Input: X = “ABCD”, Y = “ACDBDCD”
Output: ACD
Explanation:
“ACD” is longest subsequence of X which is substring of Y.

Input: X = A, Y = A
Output: A

Naive Approach: The simplest approach to solve the given problem is to find all the subsequences of the given string X and print that subsequence among all the generated subsequences which is of maximum length and is a substring of Y.

Time Complexity: O(N*M*2N)
Auxiliary Space: O(N)

Efficient Approach: The above approach can also be optimized by using Dynamic Programming.
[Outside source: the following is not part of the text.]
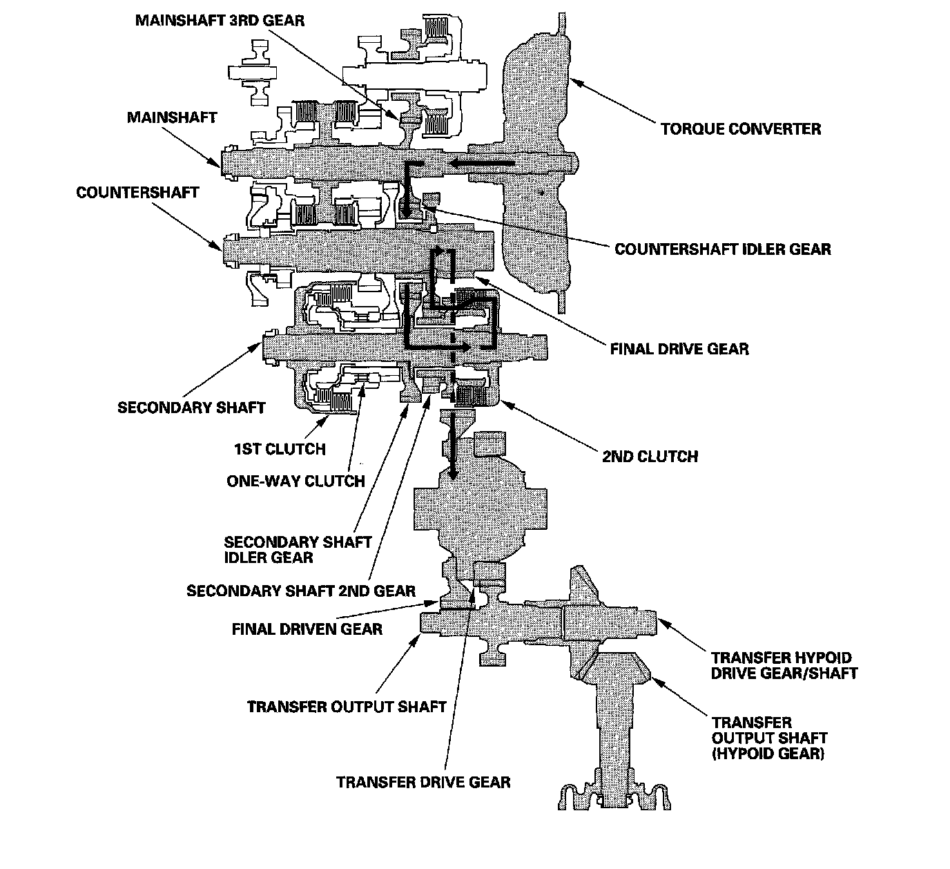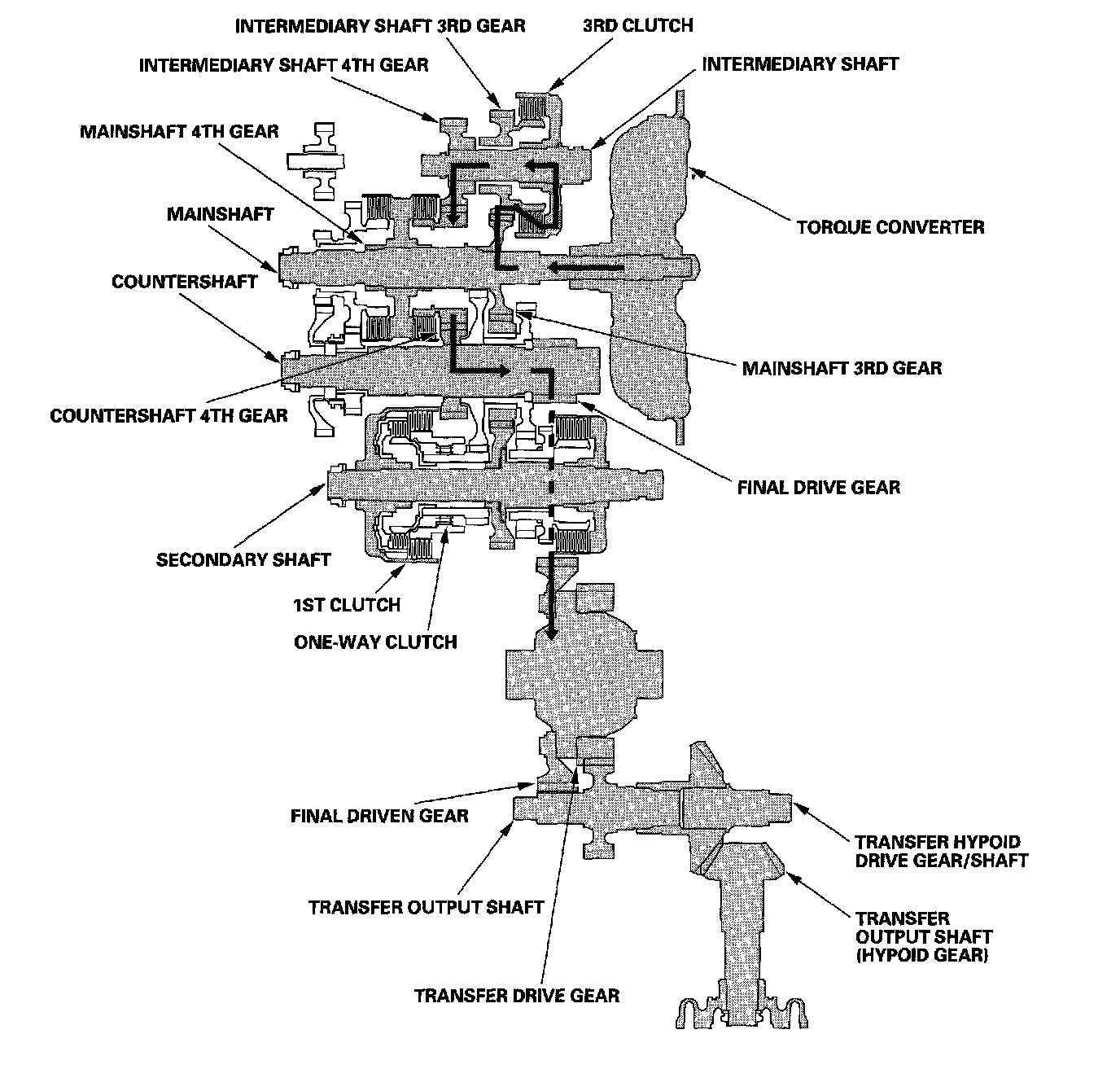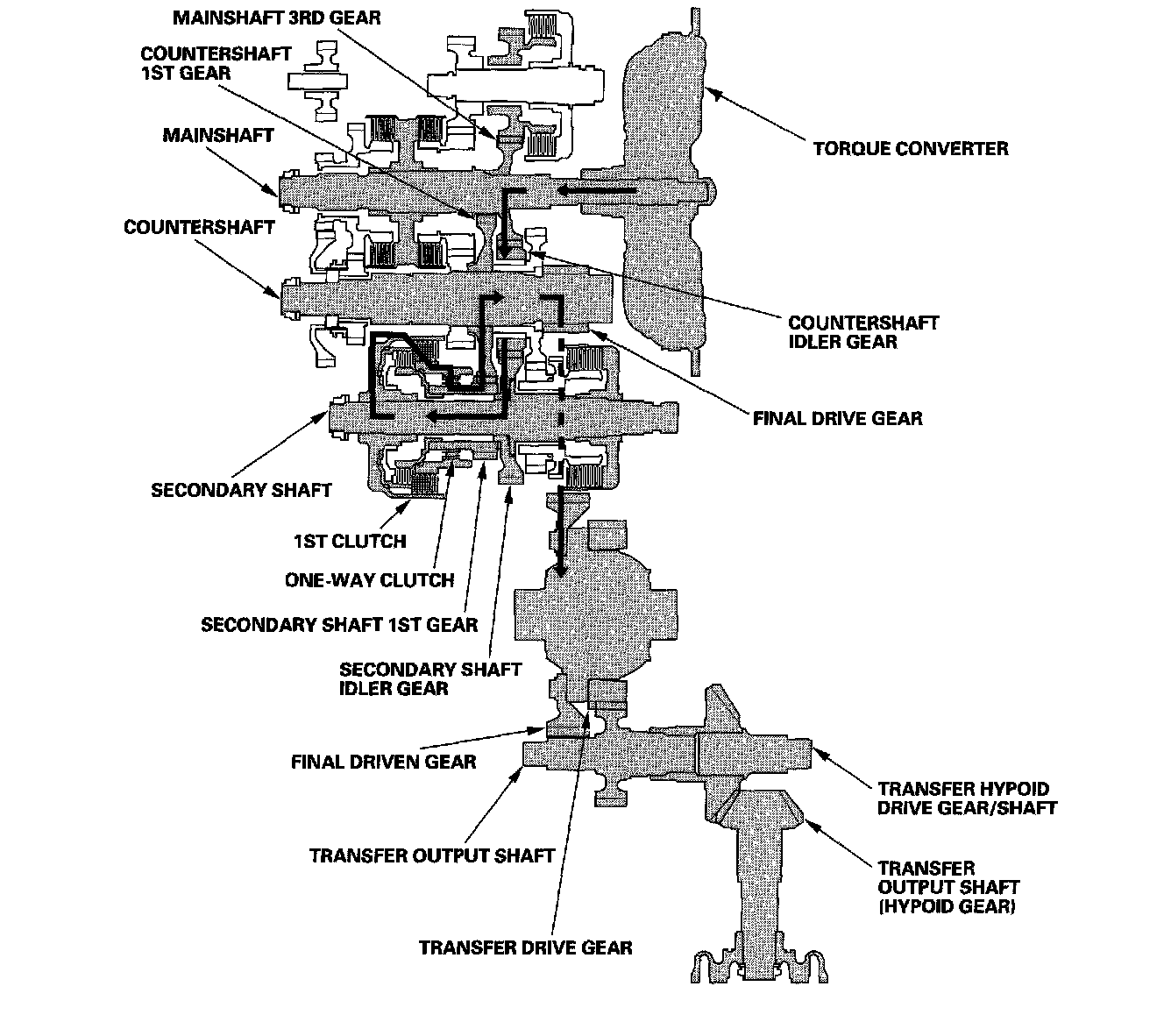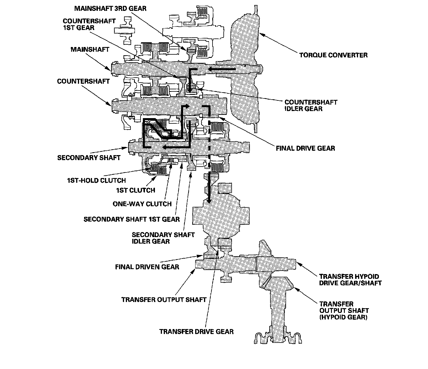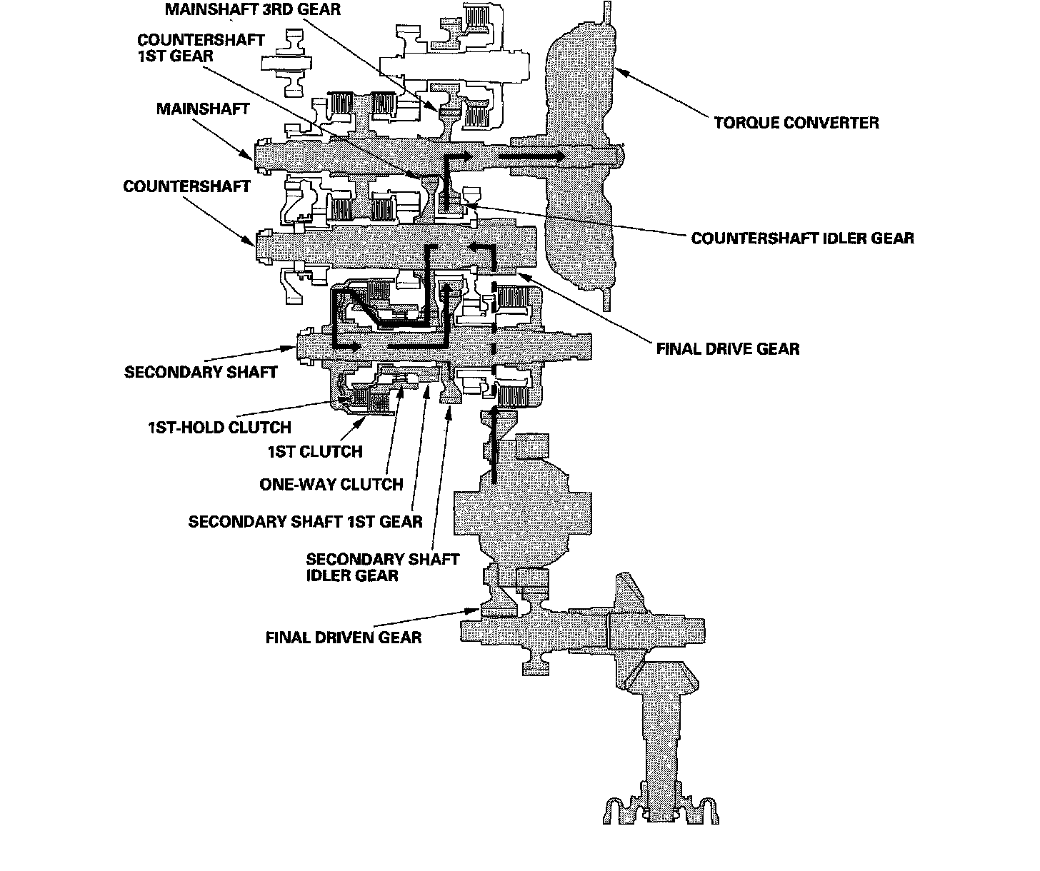 ^ Hydraulic pressure is also applied to the 1st-hold clutch, and the 1st-hold clutch engages the secondary shaft 1st gear with the secondary shaft.

The idea is to create a 2D array, dp[][] of dimensions (N + 1)*(M + 1) and the state dp[i][j] is maximum length of subsequence of X[0, i] which is substring of Y[0, j]. Follow the steps below to solve the problem: 

  • Create a 2D array, dp[][] of size N+1 rows and M+1 columns.
  • Initialize the first row and the first column of the matrix with 0.
  • Fill all the remaining rows as follows:
    • If the value of X[i – 1] is equal to the value of Y[j – 1], then update the value of dp[i][j] to (1 + dp[i – 1][j – 1]).
    • Otherwise, update the value of dp[i][j] to dp[i – 1][j].
  • Store the maximum length of the required sequence in a variable len by iterating the last row in the matrix and store the row and column index of the maximum cell value in variables i and j respectively.
  • Create a variable, say res to store the resultant string and backtrack from the maximum cell value.
  • Iterate until the value of len is greater than 0, and perform the following steps:
    • If the value of X[i – 1] is equal to the value of Y[j – 1], then append X[i – 1] to res and decrement the value of len, i and j by 1.
    • Otherwise, decrement the value of i by 1.
  • After completing the above steps, print the string res as the result.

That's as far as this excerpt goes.